Acute Kidney Failure
What is Acute Kidney Failure?
It is defined as a rapid deterioration in renal functions sufficient to result in an accumulation
of waste products in the body.
Causes
1. Kidney failure due to diseases in other organs:
a. Decreased water volume of the body through the skin, digestive system, hemorrhage,
severe burns, inflammation of the pancreas, and the peritoneum.
b. Heart failure e.g. heart attacks, shock, blood poisoning and drugs.
2. Kidney diseases:
a. Blood vessel disease: Inflammation of the blood vessels, high BP, certain blood
disorders, arterial and venous obstruction.
b. Infection of the glomeruli of the kidneys.
c. Infection of the kidney tissue.
d.
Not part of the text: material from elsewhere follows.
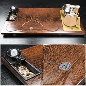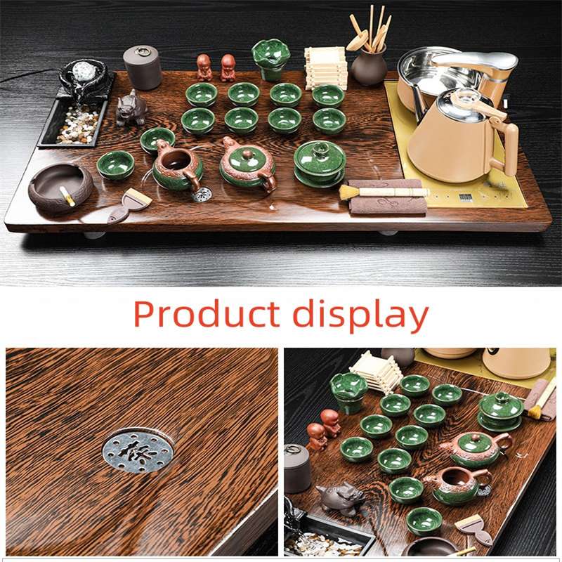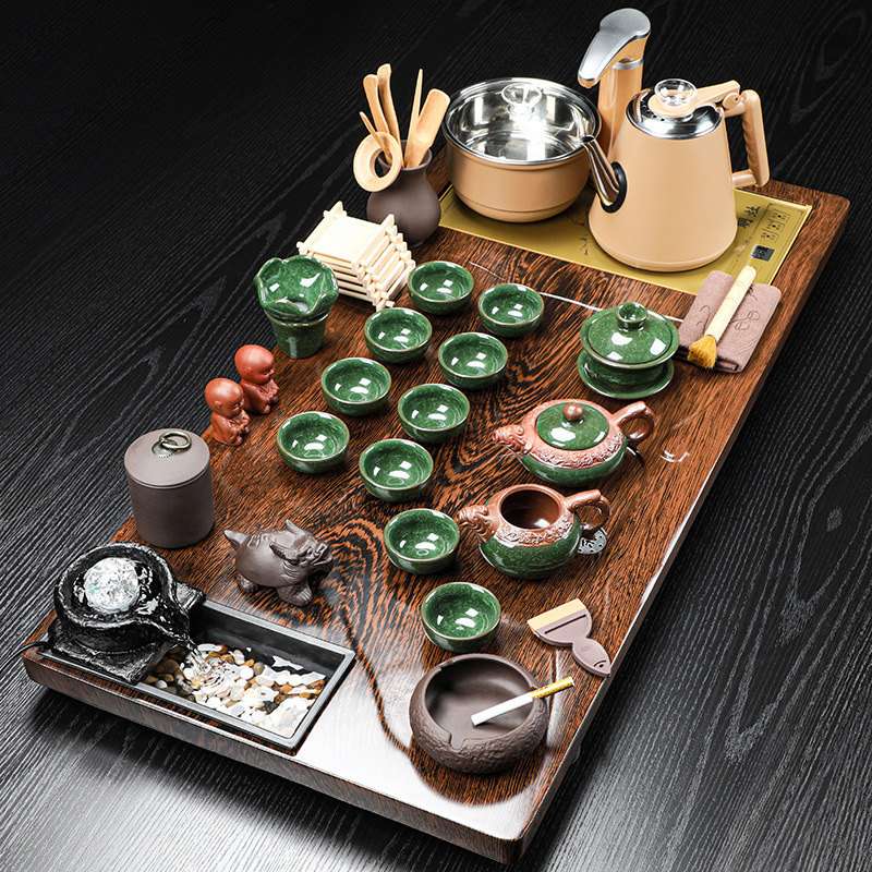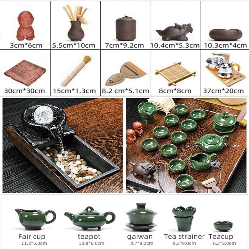 This elegant set includes : 1 Teapot ( 15cm*6.6cm , 160ml/5.4 fl oz ) , 1 Gaiwan ( 9cm*8.5cm ) , 1 Fair Cup (13.5cm*6.8cm ) , 10 Tea Cup (6.5cm*3.5cm ) , 1 Tea Tray (92cm*44cm*5cm ) , 1 Tea Utensils Sets ( 5.5cm*10cm ) , 1 Tea Infuser ( 8.5cm*8.5cm ) , 1 Tea Caddy(7cm*9.2cm ) , 1 Tea Scraper ( 8.2cm*5.1cm ) , 1 Teapot Maintenance Brush ( 15cm*1.3cm ) , 1 Automatic filling water bottle ( 37cm*20cm ) , 1 Ashtray (10.3*4cm ) , 2 Tea Pet (3cm*6cm ) , 1 Tea Towel ( 30cm*30cm ) , 1 Yixing Clay Dragon Turtle ( 10.4cm*5.3cm ) , 6 Coaster ( 8cm*8cm ) .Find more Japanese tea sets.
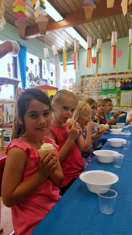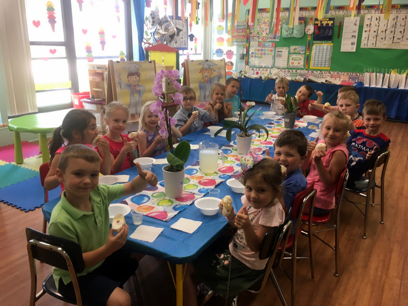 Następnie nasi milusińscy otrzymali dyplomy, foldery oraz pamiątkowe zdjęcia. Wisienką na torcie było przyjęcie zorganizowane przez wychowawczynie Odkrywców, p. Sylwię Wilk i p. Sare Sieminski. Przy pięknie nakrytym stole, Odkrywcy wraz ze swoimi nauczycielkami wspominali wspólnie przeżyte chwile, zajadając się przepysznymi, domowej roboty babeczkami z bitą śmietaną i popijając orzeźwiającą lemoniadę. Okrzykom radości oraz wybuchom śmiechu nie było końca.

Kidney infarction.
e. Toxins: antibiotics, anesthetic agents, heavy metals.
f. Pregnancy-related: septic abortion, uterine hemorrhage, eclampsia.
g. Others: Transfusion reaction, trauma, heatstroke.
Fundamentally there is a gross reduction in the filtration of blood due to a marked reduction
in surface area available for filtration. Filtration pressure and water pressure are reduced.
Clinical Features
1. Less urine formation (oliguria) is the cardinal feature. Urine volume is less than 400 mil
per day.
2. Blood urea (a waste product) rises, blood potassium rises.
3. Salt and water overload leading to edema (excessive water collection independent
tissues) and pulmonary congestion.
4. Infections complicate up to 70% of cases.
5. Heart: High BP, irregular heartbeats due to excessive potassium in the blood.
6. Nervous system abnormalities: Lethargy, excessive sleepiness, confusion, disorientation,
agitation, muscle twitches, convulsions. All this is due to excess blood urea and brain
chemistry changes.
7. Digestive system: Nausea and vomiting.
Management
Admit for specialised treatment and dialysis.